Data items
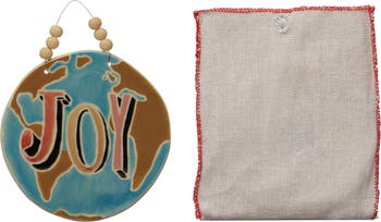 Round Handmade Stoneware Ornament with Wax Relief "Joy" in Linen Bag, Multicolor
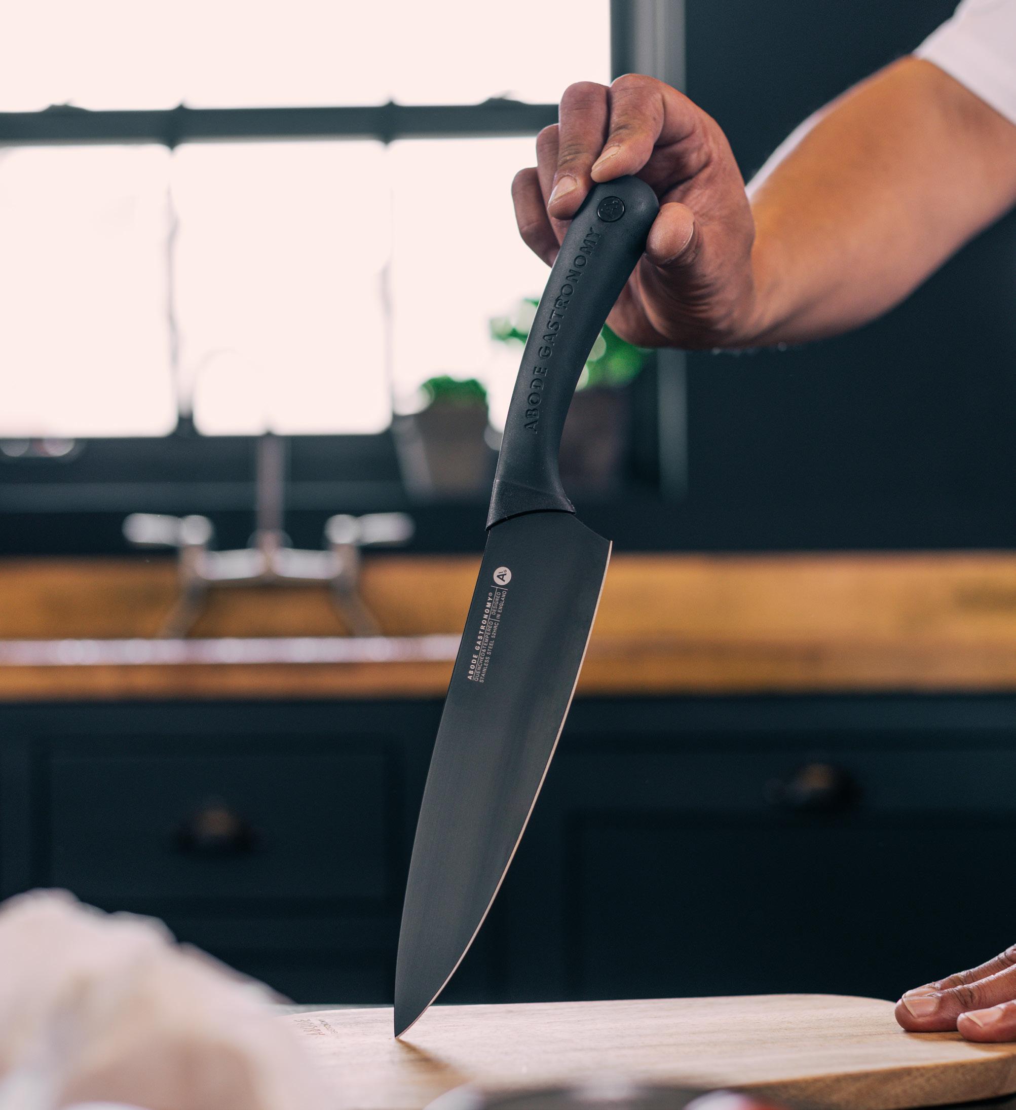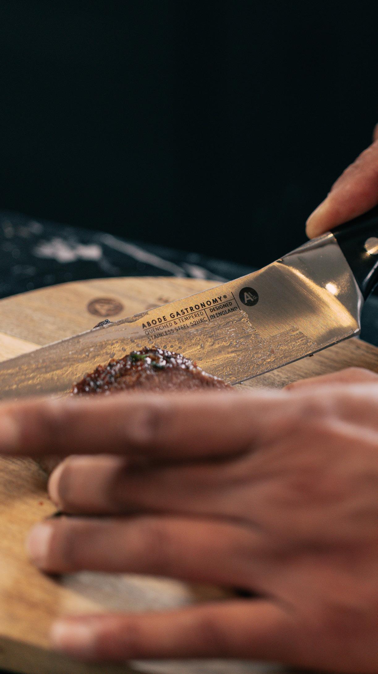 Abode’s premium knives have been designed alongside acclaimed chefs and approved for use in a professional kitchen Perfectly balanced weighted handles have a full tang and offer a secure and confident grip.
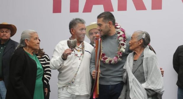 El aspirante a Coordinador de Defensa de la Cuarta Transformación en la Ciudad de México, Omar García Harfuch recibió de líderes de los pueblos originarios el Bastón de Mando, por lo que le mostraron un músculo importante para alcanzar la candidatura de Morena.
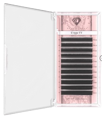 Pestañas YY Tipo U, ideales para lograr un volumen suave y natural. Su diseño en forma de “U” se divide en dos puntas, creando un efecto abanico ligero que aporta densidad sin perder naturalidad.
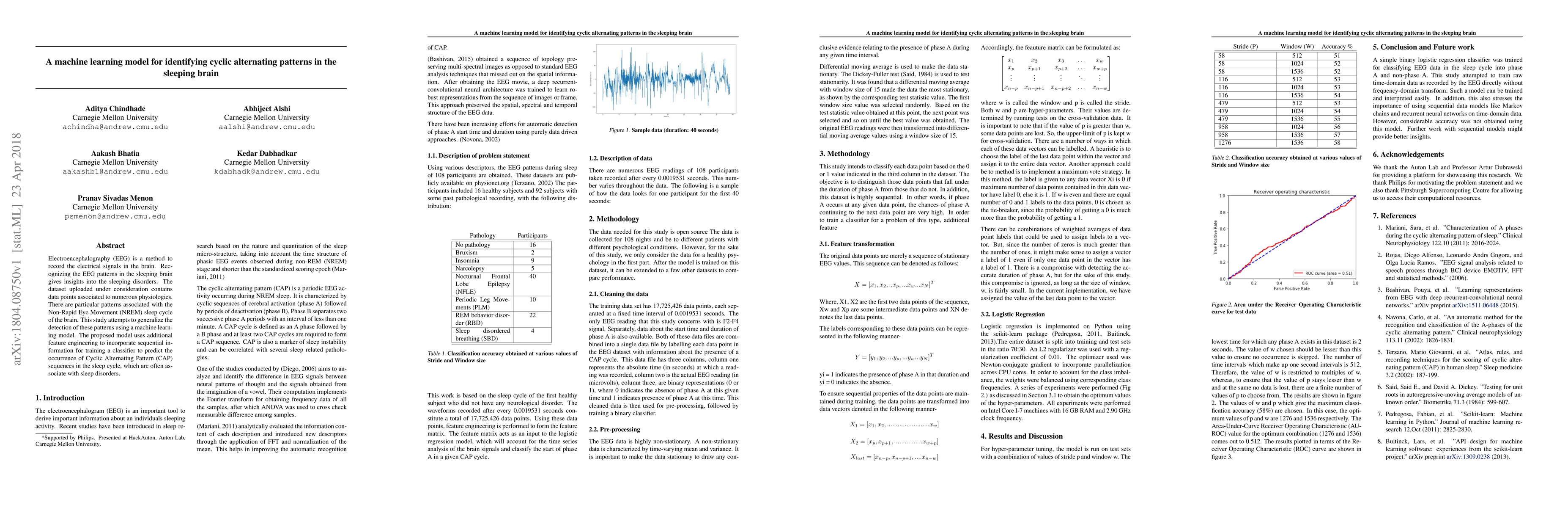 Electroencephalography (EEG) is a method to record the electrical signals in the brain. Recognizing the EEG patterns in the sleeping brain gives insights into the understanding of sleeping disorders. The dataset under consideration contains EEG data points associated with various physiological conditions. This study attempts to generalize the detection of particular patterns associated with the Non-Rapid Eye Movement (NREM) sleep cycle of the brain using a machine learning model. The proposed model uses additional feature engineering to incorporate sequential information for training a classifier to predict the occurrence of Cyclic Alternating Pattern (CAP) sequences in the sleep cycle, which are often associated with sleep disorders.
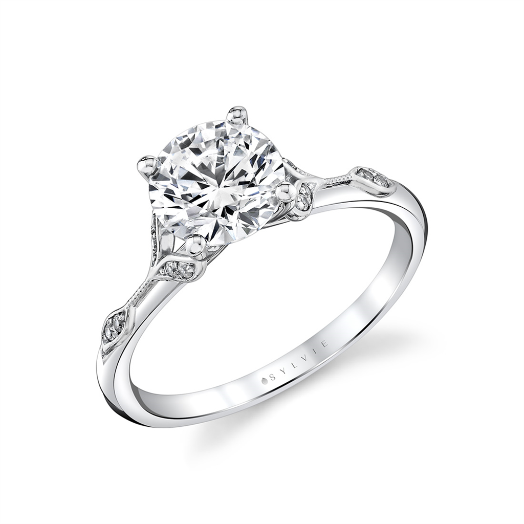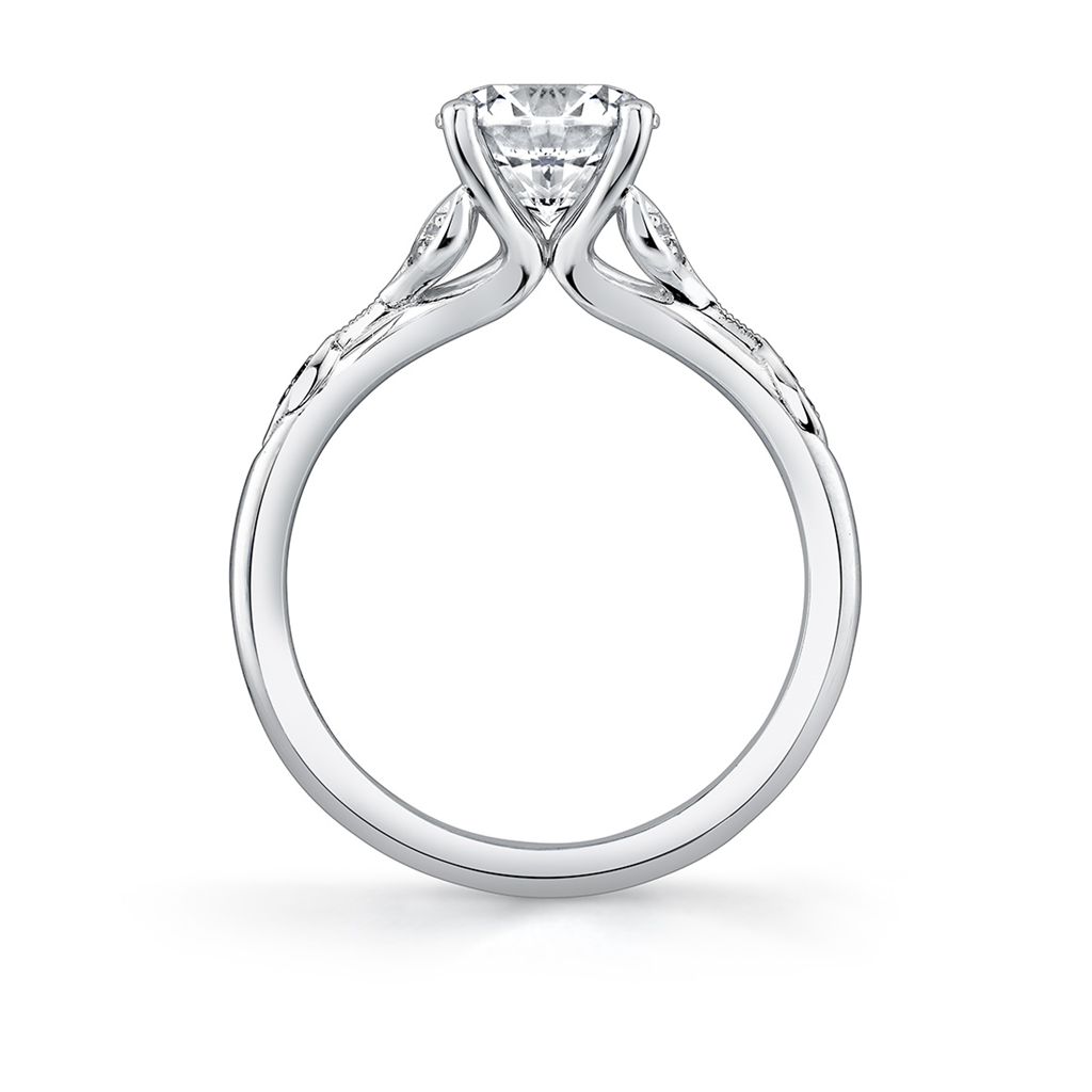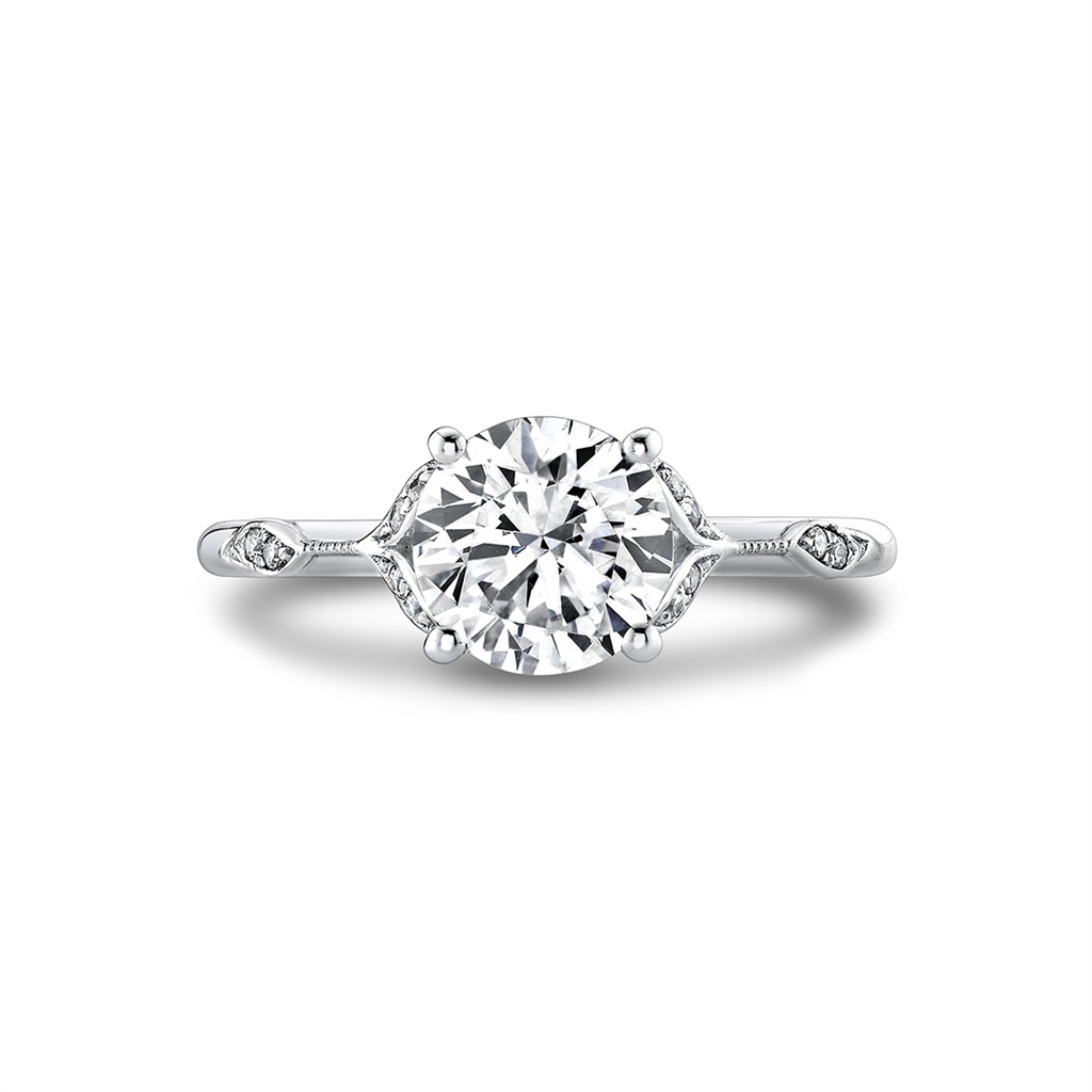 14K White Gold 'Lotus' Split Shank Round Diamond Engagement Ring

WORK TO COMPLETE -> Retyping should start at the first line of the data above and stop after the line with "Abode’s premium knives", and no picture should be included.

ANSWER SPACE ->
 Round Handmade Stoneware Ornament with Wax Relief "Joy" in Linen Bag, Multicolor
 Abode’s premium knives have been designed alongside acclaimed chefs and approved for use in a professional kitchen Perfectly balanced weighted handles have a full tang and offer a secure and confident grip.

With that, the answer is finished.